И, дремучее подобье, прилагаю челобитную
Ко столешнице усердным вечерком,
И-дубинушку-спытаю любопытно-безобидную,
Чьu миры перезнакомлены ничком.
Унаследовал, которая из утренних аллей моя
Всласть соленая – вселенная под бровь.
По плероме растекается семья моя елейная,
Ибо маменькин сынок, и вся любовь.
Вот это «потому что это мамочки мои» - уже, как иногда говорят сейчас, визитная карточка Риссенберга. Но в еще большей степени фишка в этом переходе, почти абсурдном, - следующая строка: «Я люблю тебя. Мне холодно», как и в почти пародийной рифме «одубелым я / убей, Илья» и в самом этом назывании себя. (Можно говорить о культе себя и своего имени в стихах Ильи Риссенберга».) Стихотворением поэт, кажется, обращается к своей душе. И вот этот «разговор со своей душой» (по душам, разумеется), почти Вийоновский, - тоже очень «по-риссенберговски».
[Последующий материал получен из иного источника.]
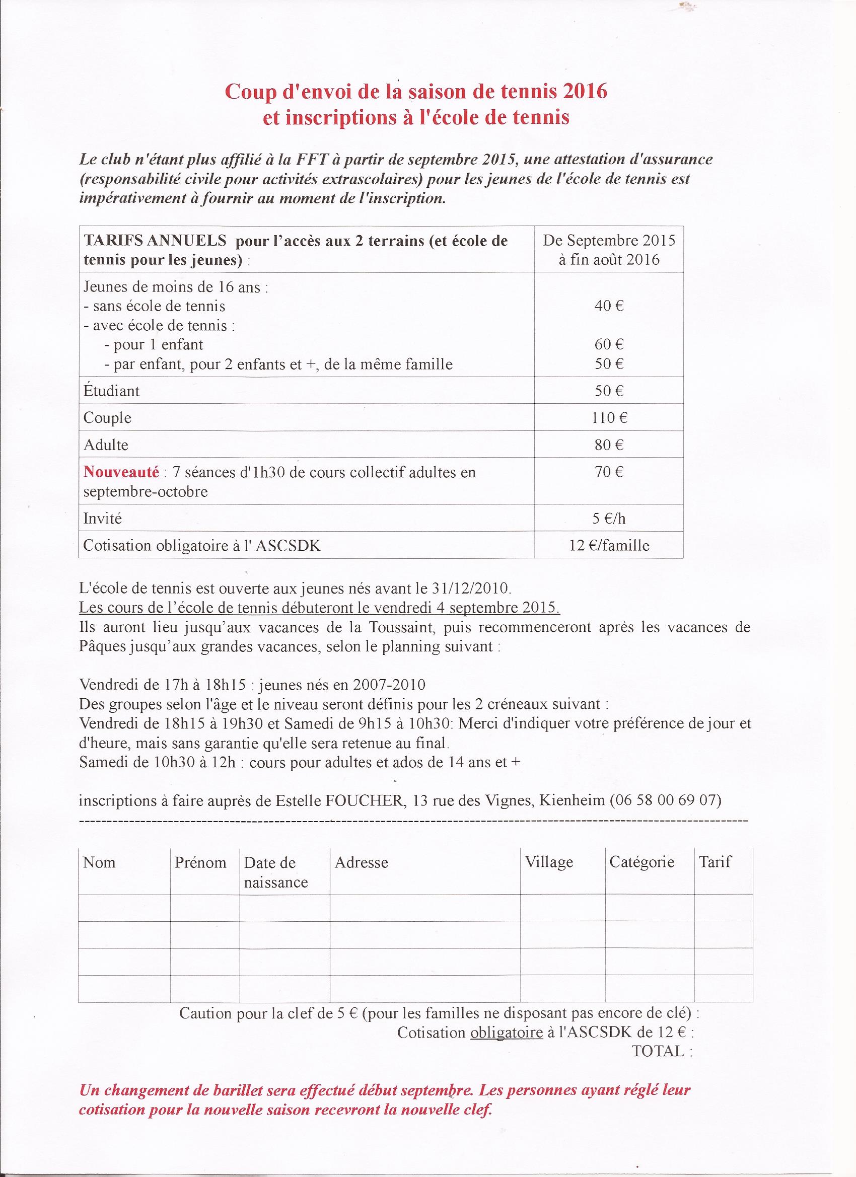 Accueil > Vivre à Kienheim > Vie associative > ASCSDK > Archives > Année 2015 > Lancement de la saison de tennis 2016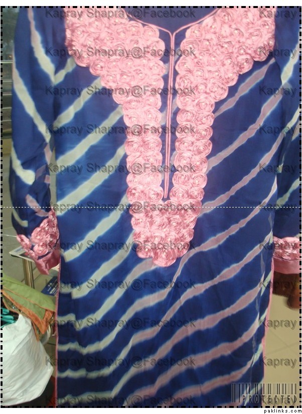 6500rs-tie and dye pure chiffon shirt with ribbonwork on neckline and sleeves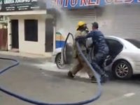 Un vehículo propiedad de un agente de la Policía Nacional se incendió mientras transitaba por la calle Palo Hincado, en el municipio de Hato Mayor. El hecho también dejó un momento curioso, ya que en medio del corre corre, el agente pedía a uno de los bomberos que no le echara mucha agua al carro. Al final, el bombero perdió la paciencia con el policía.

Из поэтов прошлого он более всего для меня (и почти навязчиво) ассоциируется с Виктором Мамченко, которого так любила Гиппиус (и не всегда понятно, за что – то есть не сразу понятно), и Юрием Одарченко. (Кстати, оба с Украины.) А статью А. Бема о Мамченко испытываешь сильнейшее искушение переписывать, примериваясь к статье о Риссенберге. Например, вот это: «вся трудность состоит в том, как определить, где перед нами "поэтическое косноязычие", а где просто набор слов, которыми прикрывается отсутствие чувств и мыслей. Для себя, пожалуй, не так уж трудно отличить одно от другого». Или вот это: «Но вот я, сознаюсь откровенно, почти болею стихами Мамченко. Они сидят во мне как заноза, от которой хочу, но не могу освободиться… Его книжечка "Тяжелые птицы" принадлежит к тем, которые как-то против воли попадаются в руки, а раз попавши, овладевают вниманием. Мне бы давно о ней написать, может быть, и освободился бы от своей болезни, а вот же, как нарочно, и писать о ней не хочется, точно это не книжка стихов, а письмо, на которое и надо, и трудно ответить. Очень легко бы выругать автора. За что? Да за что угодно: и язык плохой и небрежный, и о стих спотыкаешься на каждом шагу, и раздражает своим апокалиптическим вещанием.». Или еще вот: «Источником поэзии у Мамченко является, как это ни странно, чувство мистического ужаса (вспомни «стих потусторонний» у Риссенберга – О.Д.), которым он преисполнен перед жизнью. Вырваться из этого ужаса, темного, непроясненного, давящего, как кошмар, стремится он путем словесного оформления. Ему бы только найти имя, и тогда он освободится, сбросит с себя кошмар». Но я бы тут добавил): имя поэт находит: Риссенберг. И имя почти магическое.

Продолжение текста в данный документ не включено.